La rimodulazione del Pnrr
Un po’ promessa elettorale, in parte esigenza dettata dalle circostanze e in altra misura spauracchio per le amministrazioni regionali e locali: la rivisitazione del Pnrr è uno dei fili più delicati del programma di centrodestra lungo l’asse Roma-Bruxelles.
Gli altri fondi e le nomine
Non c’è solo il Pnrr, naturalmente. Al ministero guidato da Fitto stanno passando in rassegna tutte le risorse europee e per la coesione territoriale. Lo stesso ministro ha incontrato i vertici dell’Agenzia della Coesione nei giorni scorsi, constatando come - col precedente governo - l'asse fosse stato spostato più sulla spesa del Pnrr che sui fondi europei "ordinari". Incontri e audizioni informali proseguiranno, presto toccherà anche a Regioni ed enti locali. Faro soprattutto sull’interlocuzione con le amministrazioni del Mezzogiorno, per intuibili ragioni di dotazione finanziaria e di capacità di spesa. E incroci “pepati” con Michele Emiliano, «ma il ministro - fanno sapere tra i fittiani - tratterà tutte le controparti allo stesso modo». Per la Puglia in ballo ci sono almeno 18 miliardi tra Pnrr, Fsc, fondi europei e Contratti istituzionali di sviluppo.

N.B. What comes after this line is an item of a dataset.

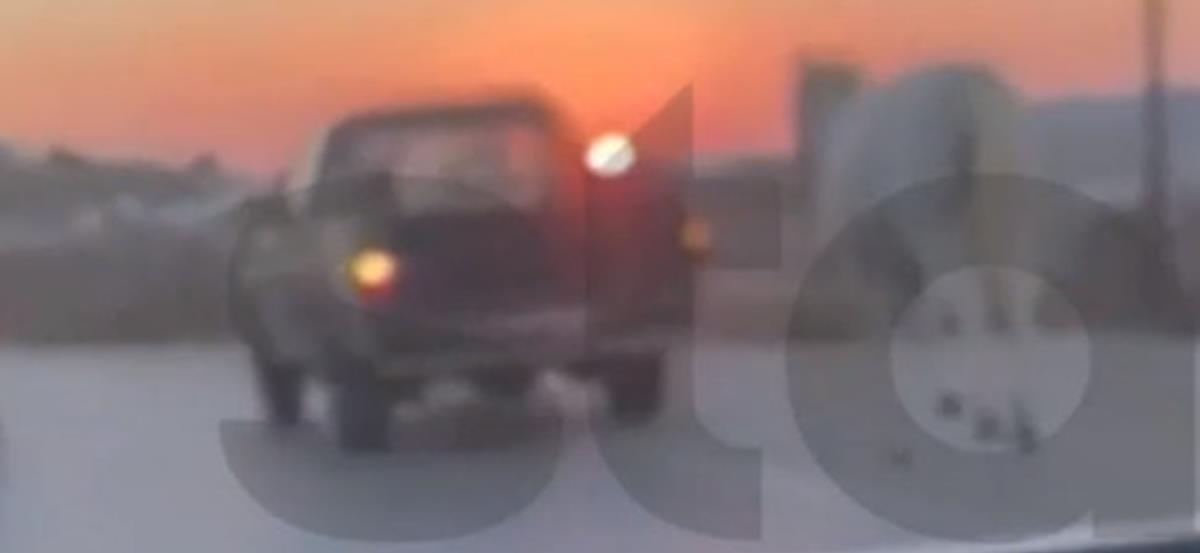 Όπως φαίνεται στο βίντεο, το άλογο τρέχει λαχανιασμένο και ο οδηγός του αγροτικού αυτοκινήτου που το είχε δέσει στο πίσω μέρος γκαζώνει.
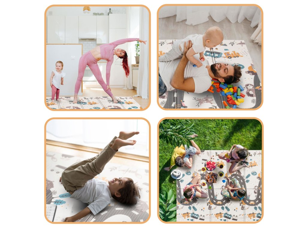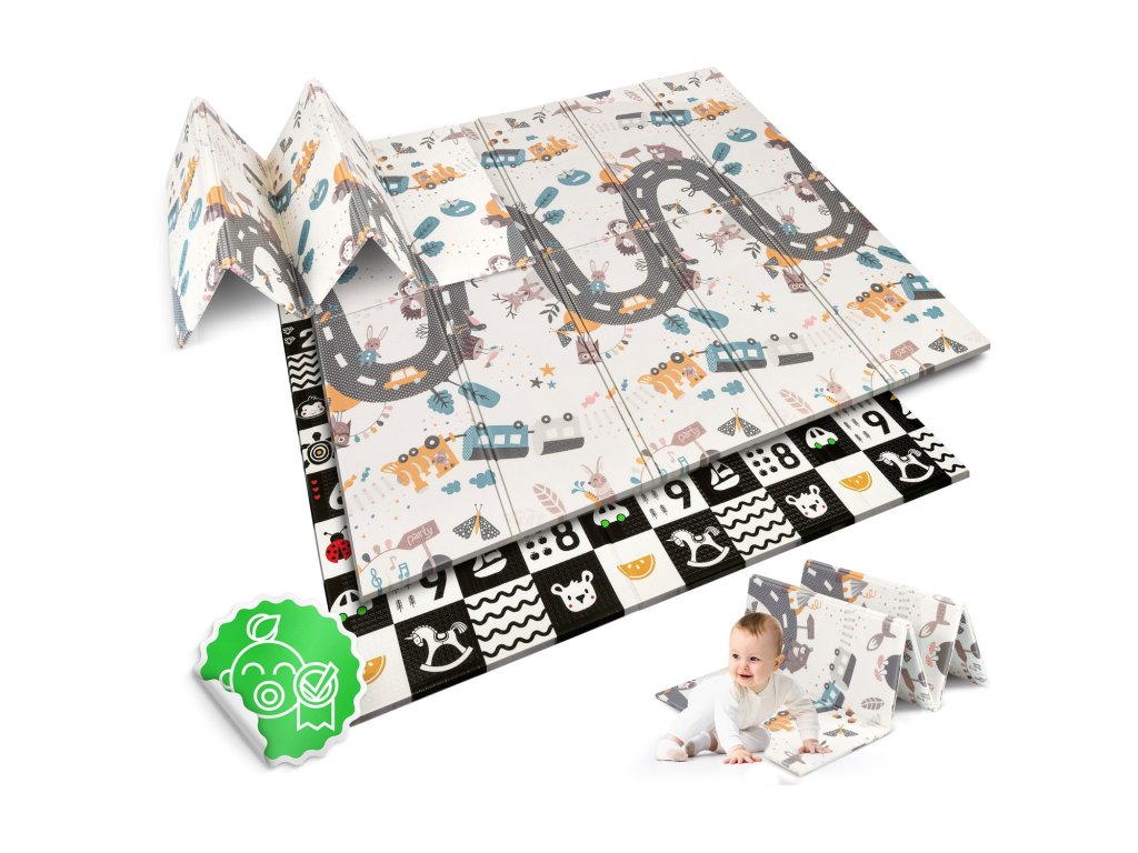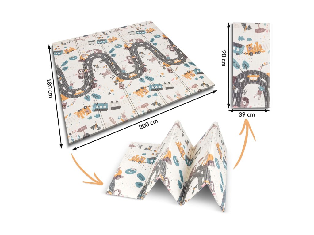 Ta edinstvena velika zložljiva podloga z dimenzijami 200x180 cm ima veliko praktičnih uporab. Vašemu otroku ponuja udobje pri igranju in učenju plazenja!

E sono ore febbrili anche in chiave strettamente organizzativa per Fitto: lo staff prende forma, e al ministro salentino spetta l’indicazione verso nuove nomine in postazioni chiave. Tre su tutte: Agenzia della Coesione, Dipartimenti della Coesione e degli Affari europei. Scelte quasi nero su bianco, ufficialità a breve.

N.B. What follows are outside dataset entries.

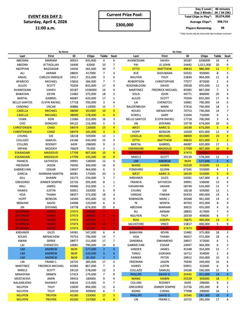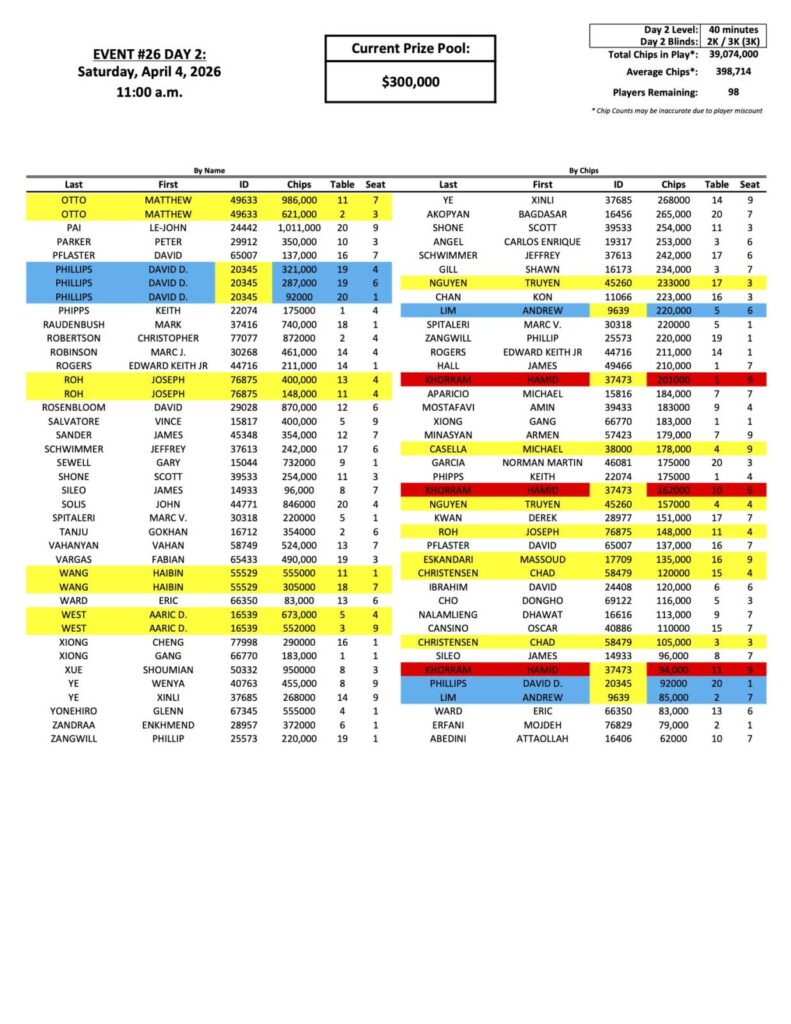 Updated Day 2 Return List for the $300,000 Guaranteed Event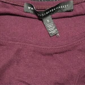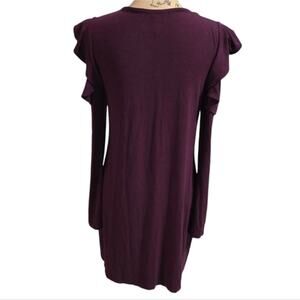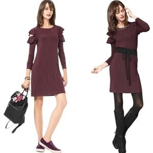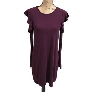 WHBM Chic Burgundy Ruffle Sleeve Stretch Comfy Dress Size Small Stylish Purple burgundy dress with ruffle sleeves. Perfect for casual outings or a night out. Pair with sneakers or boots for a versatile look.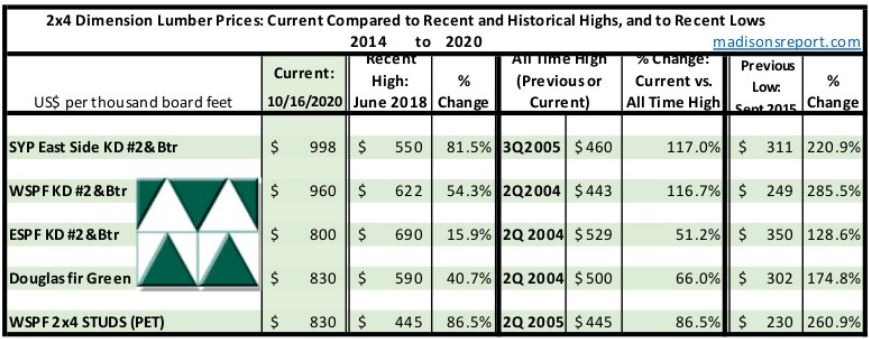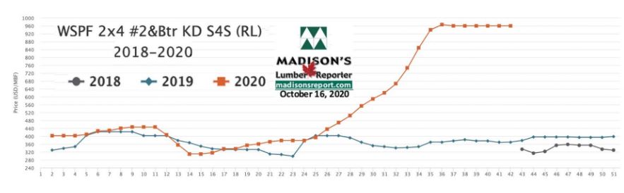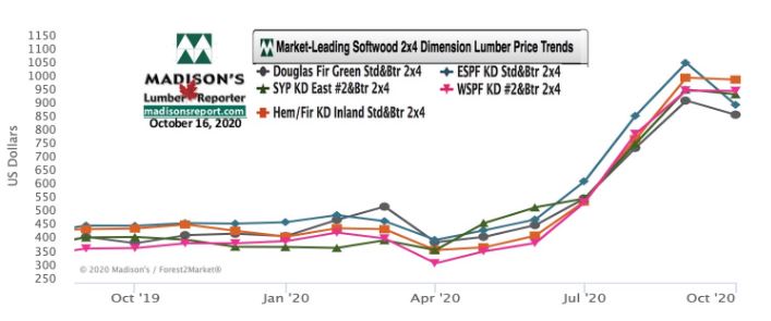 current Oct. 2020 benchmark dimension Softwood Lumber 2×4 prices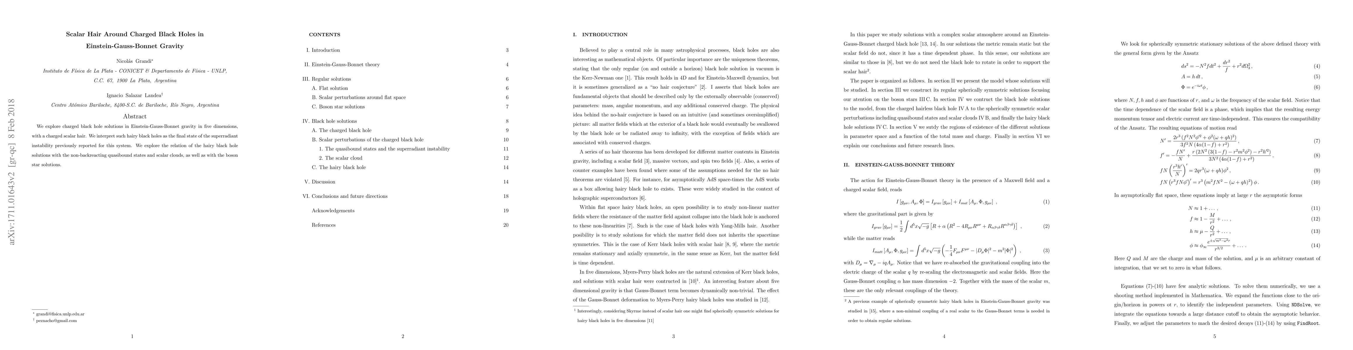 This paper investigates charged black holes with scalar hair in five-dimensional Einstein-Gauss-Bonnet gravity, interpreting these hairy solutions as the endpoint of superradiant instability. It also examines their connections to quasibound states, scalar clouds, and boson star solutions.

Gli incontri e le soluzioni
Proprio le risorse non spese del ciclo di programmazione europea 2014-2020 potrebbero essere convogliate sul maxi-tesoretto per calmierare le bollette: è uno dei jolly che Meloni e Fitto proveranno a introdurre negli incontri di dopodomani. Non l’unico, seppur con tutta la prudenza imposta da un primo giro di “consultazioni” europee. Premier e ministro, per esempio, rilanceranno la proposta avanzata dai commissari Ue Paolo Gentiloni e Thierry Breton: una specie di nuovo fondo europeo finanziato dall’emissione di titoli di debito comuni garantiti dagli Stati, sulla falsa riga del Sure del 2020 (e che in piena pandemia mise in circolo 100 miliardi per assicurare la cassa integrazione), per abbattere i costi energetici. Tutte partite tra loro connesse e annodate, e sulle quali si misureranno la credibilità del governo Meloni a Bruxelles e le abilità da tessitore e mediatore di Fitto.